As we all know, usually the media creator is on one side (insert here music or book) earning a very small fraction of the cake, then you got the "middle layer" which charges and bites obscene amounts of money, and on the other side of the ecuation you got the consumer, which usually paid for the whole party.

The "middle layer", in other times, could hide behind the "distribution and promotion costs".
You're absolutely right. You're pointing out the critical problem in the current management of intellectual property.

I know people who work in the publishing industry. I've asked them how much they think an author should gain from the sale of their work, and it always boils down to less than ten percent of the sale price.

That's just not good enough.

We consumers know that authors need to eat. We value their work and we want to reward them for it.

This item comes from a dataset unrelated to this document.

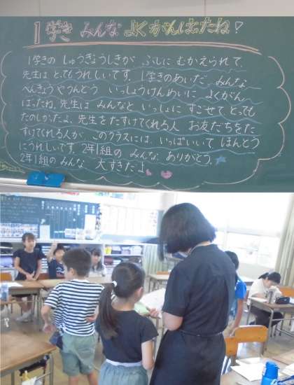 1学期最後の登校です。クラスのみんなで力を合わせてがんばった1学期でしたね。今日も、元気いっぱいの2年生です。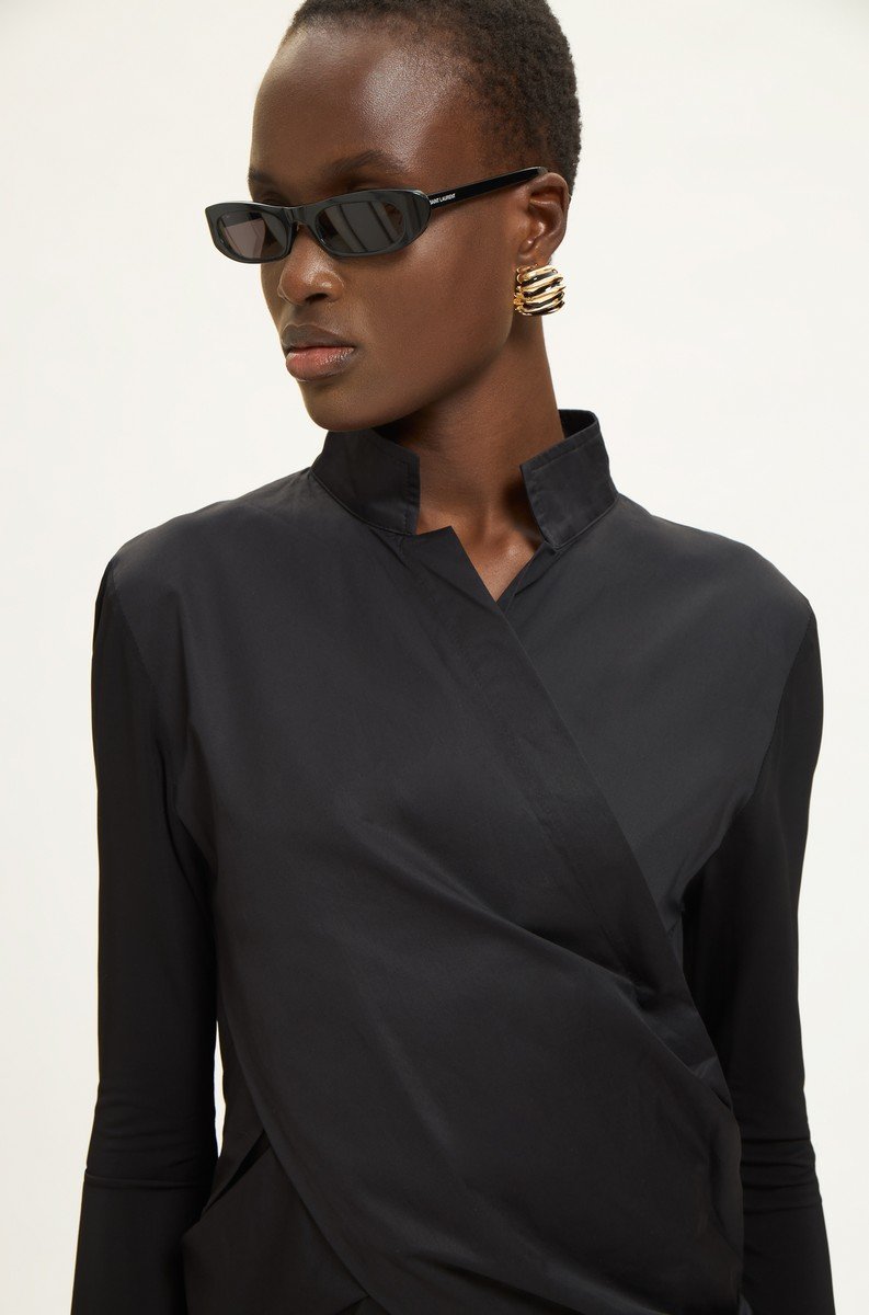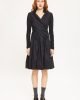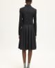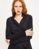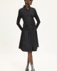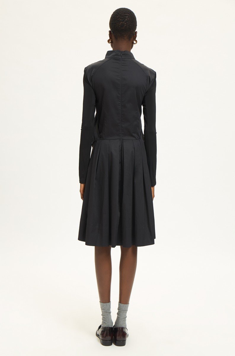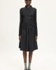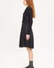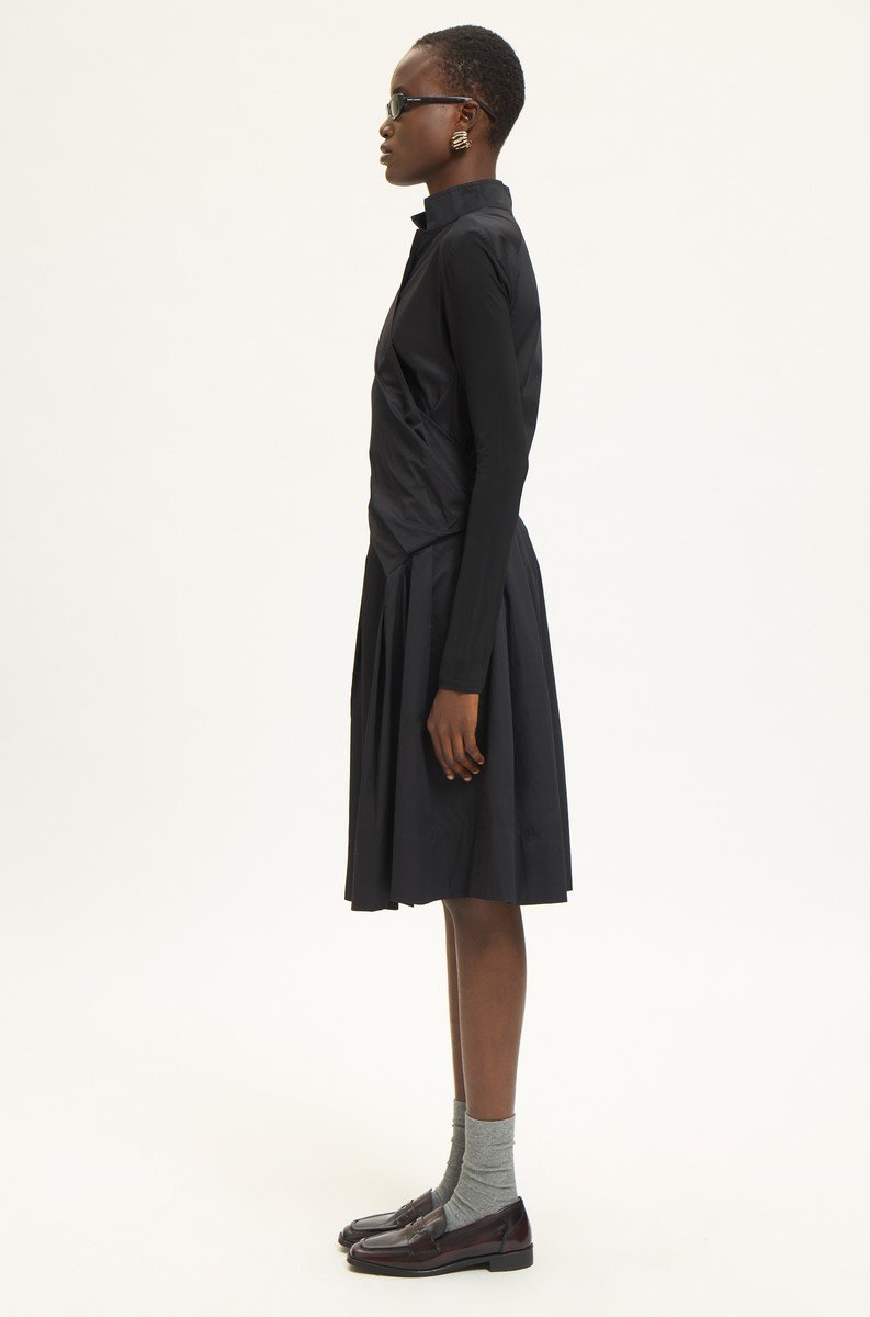 Φόρεμα-πουκάμισο με σταυρωτό μπροστινό μέρος που σχηματίζει διακριτικό Χ στη μέση. Το επάνω μέρος εφαρμόζει στο σώμα, ενώ η φούστα ανοίγει με απαλές πιέτες μπροστά και πίσω, προσφέροντας κίνηση και όγκο. Ο γιακάς και το V ντεκολτέ πλαισιώνουν όμορφα το πρόσωπο, συνδυάζοντας δομή και απλότητα. Κατασκευασμένο από σταθερή βαμβακερή ποπλίνα με ελαστική βισκόζη για άνεση.

But that becomes pretty hard to justify when you find out that the vast majority of what you pay is actually going into the pockets of middle-men who invested nearly nothing in the creation of the work you're reading.

The real problem that the IP industry faces is its vast inefficiency. It is infested with hangers-on who have no purpose other than to nibble at the cake.

Copyright is fundamentally an issue of respect. If I respect what you do, then I should pay you for it in the hope that you'll do it again in the future. Copyright has become corrupted by the fact that only a tiny fraction of what I pay actually goes to the person whose labours I wish to reward.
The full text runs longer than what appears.